01"Sadece JSON döndür" neden kırılırWhy "just return JSON" breaks

İlk sürüm hep aynıdır: prompt'a "sadece JSON döndür" yazılır, cevap doğrudan JSON.parse'a verilir. Demoda çalışır. Üretimde model bir gün cevabın başına "Elbette, işte çıktı:" ekler; ertesi gün JSON'u markdown fence içine sarar; hafta sonu enum'da olmayan bir değer üretir — "pending" yerine "waiting" — ya da şemada hiç tanımlanmamış bir alan uydurur.

The first version is always the same: write "return only JSON" in the prompt, pass the answer straight to JSON.parse. It works in the demo. In production, one day the model prefixes the answer with "Sure, here's the output:"; the next day it wraps the JSON in a markdown fence; over the weekend it produces a value outside your enum — "waiting" instead of "pending" — or invents a field your schema never defined.

Her biri tek başına küçük görünür. Fence'i regex ile temizlersiniz, ilk { ile son } arasını kesersiniz, bilinmeyen alanları atarsınız. Ama her düzeltme yeni bir edge case doğurur ve pipeline, bir süre sonra modelin o günkü hâline göre davranan bir parser koleksiyonuna dönüşür. Günde on bin istekte yüzde birlik hata, her gün yüz kırık kayıt demektir.

Each one looks small in isolation. You strip the fence with a regex, slice between the first { and the last }, drop unknown fields. But every patch breeds a new edge case, and the pipeline becomes a collection of parsers behaving according to the model's mood that day. At ten thousand requests a day, a one percent failure rate is a hundred broken records, every day.

Serbest metni parse etmek bir sözleşme değildir; umuttur.

Parsing freeform text isn't a contract. It's hope.

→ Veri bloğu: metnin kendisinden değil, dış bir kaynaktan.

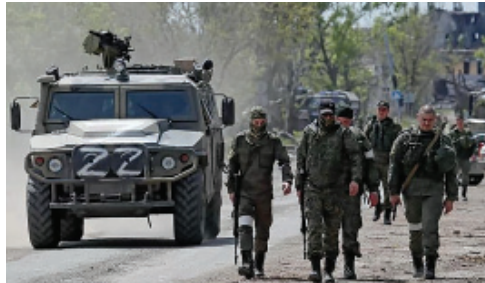
ХИЖІ ПРЕДСТАВНИКИ ТЕМНОЇ ЯВИ – РАШИСТСЬКІ ОКУПАНТИ-НЕЛЮДИ В УКРАЇНІ

Нині темна ява планети Земля вже втратила механізми прямих енергопольових крадіжок і вампірування духовних енергій Творця дарованих людям. Вона приречена на самопожирання власних енерго-польових ресурсів та поступове знищення.
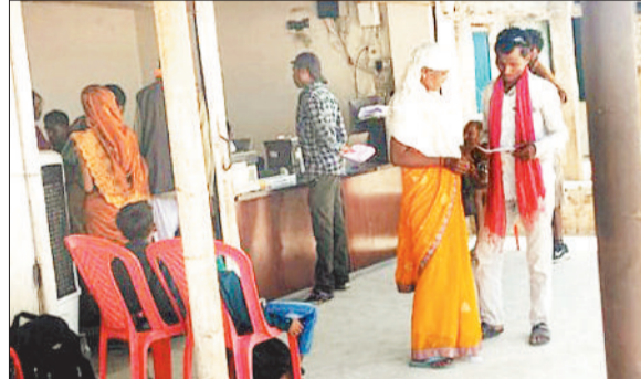
च्वाइस सेंटर में लगी हितग्राहियों की भीड़।

मुख्यमंत्री विष्णुदेव साय की सरकार ने महिला सशक्तिकरण के अंतर्गत महतारी वंदन को योजना चुनाव के बाद क्रियान्वित किया। जबकि चुनाव के दौरान इसे घोषित किया गया था। तब से लगातार पात्र हितग्राहियों को हर महीने एक हजार रुपए की सहायता दी जा रही है।
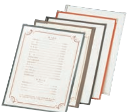
⑫ えいむ クリアテピング メニューブック TA-42 ㊦
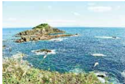
伊豆大島も見える

スイセンとアロエの花が咲く伊豆下田の爪木崎。訪れた日は、白いスイセンは咲き始めて、赤いアロエの花はまだ見ごろでした。
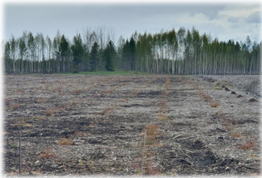
Рисунок 3 – Растения голубики после зимнего периода
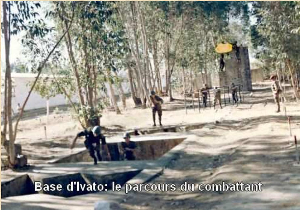
Base d'Ivato: le parcours du combattant
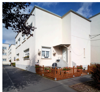
Appropriation des espaces d'entrée des pavillons par les habitants.
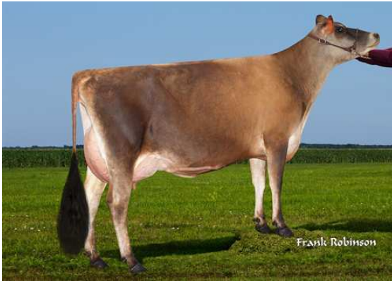
AHLEM CHANGE UP MAGGIE 52063

AHLEM GENOMINATOR SHAN-MAR HILARIO CHARLEY VG-87%-3YR-USA CAL-MART RENEGADE HILARIO SHAN-MAR LEGAL CHARISMA EX-91%-8YR-USA TOLLENAARS IMPULS LEGAL 233 SHAN-MAR LEGACY CARISSA VG-86%-4YR-USA
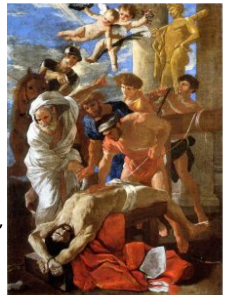
Мучения св. Эразма,

В 1628—1629 годах живописец трудится для главного храма католической церкви — собора Святого Петра; ему
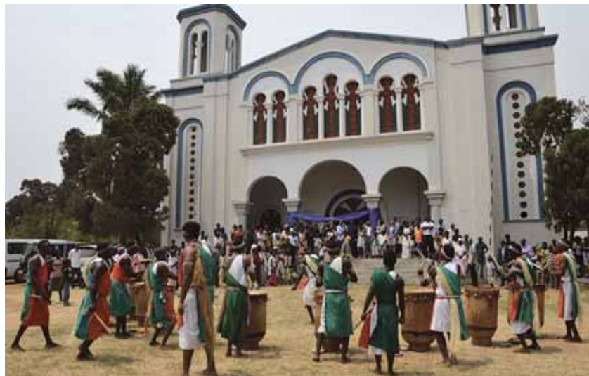
Τὸ προαύλιο τοῦ ναοῦ τῆς Κοιμήσεως τῆς Θεοτόκου στὴ Μπουζουμπούρα

Ζώντας πραγματικά συγκινητικές στιγμές, πού θυμίζουν τοὺς πρώτους ἀποστολικούς χρόνους τῆς Ἐκκλησίας μας, ὁ Ἐπίσκοπος μέ τοὺς ἐθελοντές ἱεραποστόλους καί τοὺς ἰθαγενεῖς ἱερεῖς, τέλεσε στὸν ἴδιο ναό 60 βαπτίσεις καί 25 γάμους νέων Ὀρθόδοξων χριστιανῶν. Ἡ νεόφυτη αὐτὴ ἐνορία ἀριθμεῖ ἤδη ἑκατοντάδες πιστούς. Οἱ ἄνθρωποι μέ τὴν καρδιά τους ἀνοικτὴ, ζητοῦν τὸν πολύ-
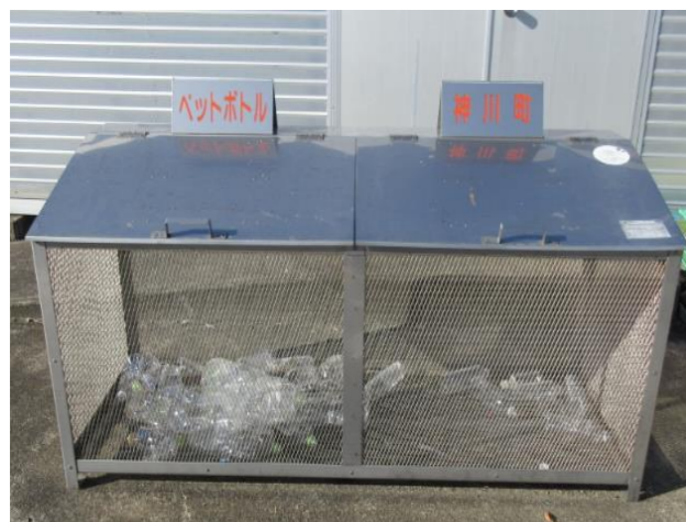
ペットボトル拠点回収場所

神川町役場西入口、ふれあいセンター、コミュニティ集会所北、神泉総合支所に常設で設置されています。
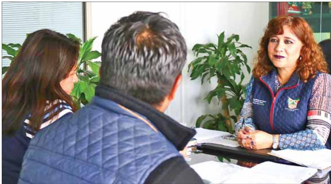
ORIENTACIÓN. Destacó asesoría con el objetivo de agilizar y encontrar soluciones amistosas para cada caso.

Desde inicios de la administración del gobernador Omar Fayad, hasta el mes de agosto del presente año, se alcanzaron 10 mil 48 conciliaciones, de las cuales 2 mil 556 se concretaron en lo que va de 2019, pues con dicha jornada se ofrece la posibilidad de con-
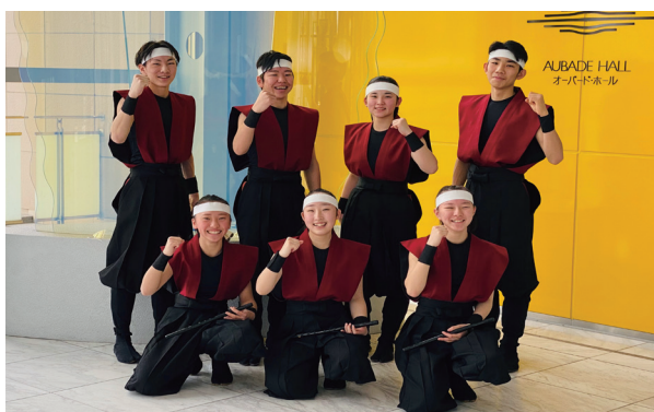
笑顔溢れる「狐ノ刃」の皆さん

■ 開催期間: 5月29日(日)まで ※月曜日休館 ■ 場 所: 福島県立博物館(会津若松市) エントランスホール
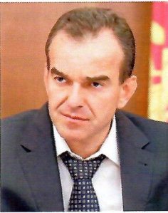
Вениамин Кондратьев, Губернатор Краснодарского края:

«В крае более 6 тысяч органов ТОС, это одно из самых больших по количественному показателю движений в стране. Они реализуют те задачи, которые на уровне главы поселения или МО могут быть не видны. Я понимаю, что для этого нужны средства. Поэтому мы приняли решение увеличить грантовую поддержку и выделить по программе «Народный бюджет» на пять лет 1,2 млрд рублей. Деньги пойдут на озеленение, создание зон отдыха, детских игровых площадок, ремонт уличного освещения».
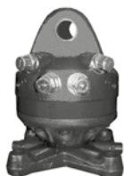
KM 04 F
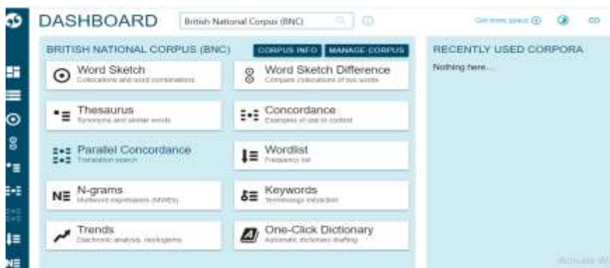
تصویر ۱. محیط نرم‌افزار زبان‌شناسی پیکره‌ای اسکچ انجین

جفت فارسی و انگلیسی هنوز خیلی قابل اتکا نیست. حجم کلی این پیکره بالغ بر ۴۳۰۰۰ کلمه است که اطلاعات دقیق آن در جدول ۲ قابل مشاهده است. برای تشکیل پیکره مورد نیاز و انجام تحلیل‌های مورد نظر، نرم‌افزار اسکچ انجین ۱ به کار گرفته شد. این نرم‌افزار که در محیط‌های ویندوز، لینوکس و مک قابلیت کار دارد در ۲۰۰۳ توسط کیل گریف ۲ در جمهوری چک طراحی شد. این نرم‌افزار به صورت تجاری در دسترس است و قابلیت‌های مختلفی از جمله پردازش متون در زبان‌های مختلف، طراحی پیکره‌های دوزبانه و چندزبانه، بررسی‌های گوناگون پیکره‌های و دسترسی آزاد و رایگان به تعدادی از مهم‌ترین و بزرگ‌ترین پیکره‌های دنیاست.
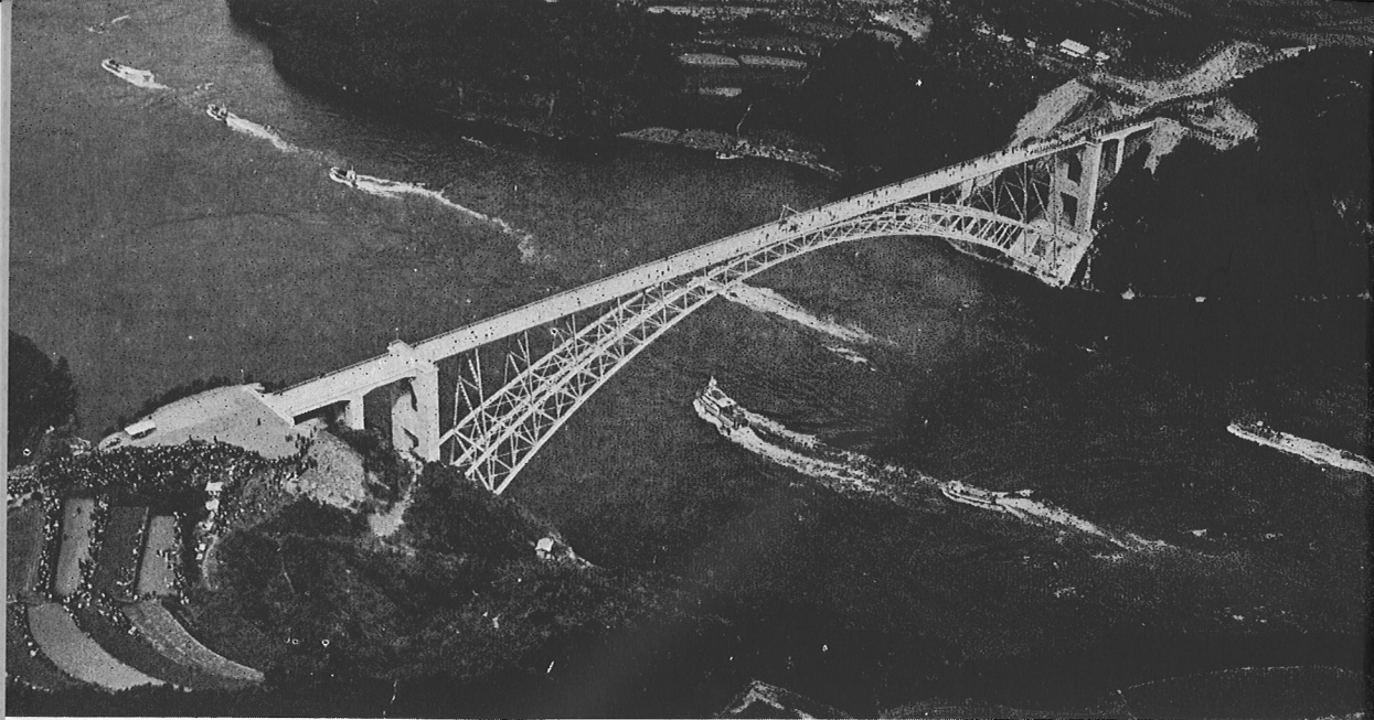
空中より見た西海橋の景観
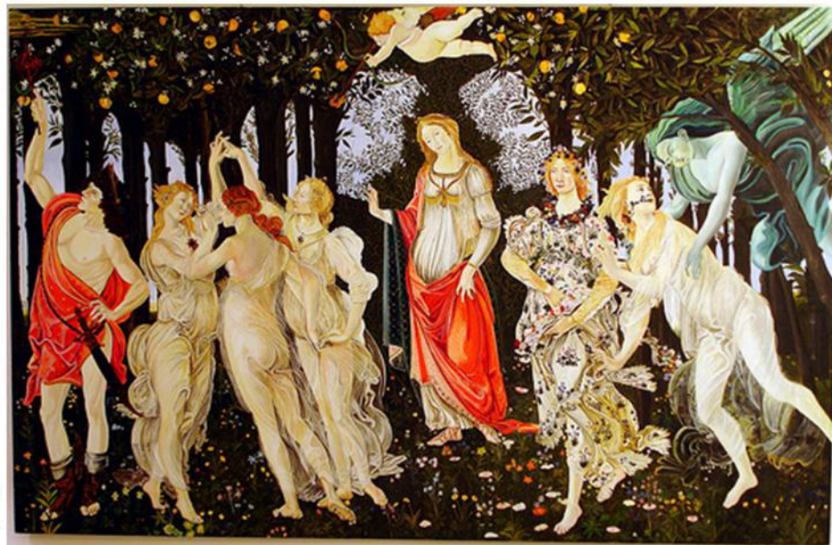
Botticelli : le printemps (Offices)

02Constrained decoding ve modele yardım eden şemaConstrained decoding and schemas that help the model

Büyük sağlayıcıların native structured output modları bu sınıf hatayı kökten kapatır: şemayı istekle birlikte verirsiniz, decoding sırasında şemaya aykırı token'lar maskelenir. Model geçersiz JSON üretemez — "genellikle uyar" değil, aykırı token'ı kelimenin tam anlamıyla seçemez düzeyinde bir garanti. Ama bu bir sözdizimi garantisidir, anlam garantisi değil: şemaya uyan yanlış içerik hâlâ mümkündür. İkinci yarı şema tasarımıdır; modelin işini kolaylaştıran şema, içerik hatasını da azaltır:

The major providers' native structured output modes close this class of failure at the root: you send the schema with the request, and tokens that would violate it are masked during decoding. The model cannot emit invalid JSON — not "usually complies", but literally cannot select the violating token. That is a syntax guarantee, not a semantic one: schema-valid wrong content is still possible. The second half is schema design — a schema that makes the model's job easier also reduces content errors:

Düz, derin değil. Üç seviye iç içe nesne yerine düz alanlar. Her ekstra seviye, modelin yapıyı taşırken hata yapacağı yeni bir yerdir.
Flat, not deep. Flat fields instead of objects nested three levels down. Every extra level is another place for the model to fumble while carrying the structure.
Enum, serbest string değil. Kategori serbest metinse model yaratıcılaşır; kapalı liste verin, downstream kod tek bir değer kümesiyle yaşasın.
Enums, not free strings. Leave a category as free text and the model gets creative; give it a closed list so downstream code lives with one value set.
Açık optional'lar. Her alanın required mı nullable mı olduğu şemada yazsın; boşluğu uydurarak doldurmak yerine null demek modele meşru bir çıkış verir.
Explicit optionals. Whether each field is required or nullable belongs in the schema; a legitimate null gives the model an exit that isn't fabrication.
Description = talimat. Alan açıklamaları modelin okuduğu prompt'un parçasıdır. "Tek cümle, müşterinin dilinde" gibi kuralları description'a yazın, prompt'un dibine değil.
Descriptions are instructions. Field descriptions are part of the prompt the model reads. Rules like "one sentence, in the customer's language" belong in the description, not buried at the bottom of the prompt.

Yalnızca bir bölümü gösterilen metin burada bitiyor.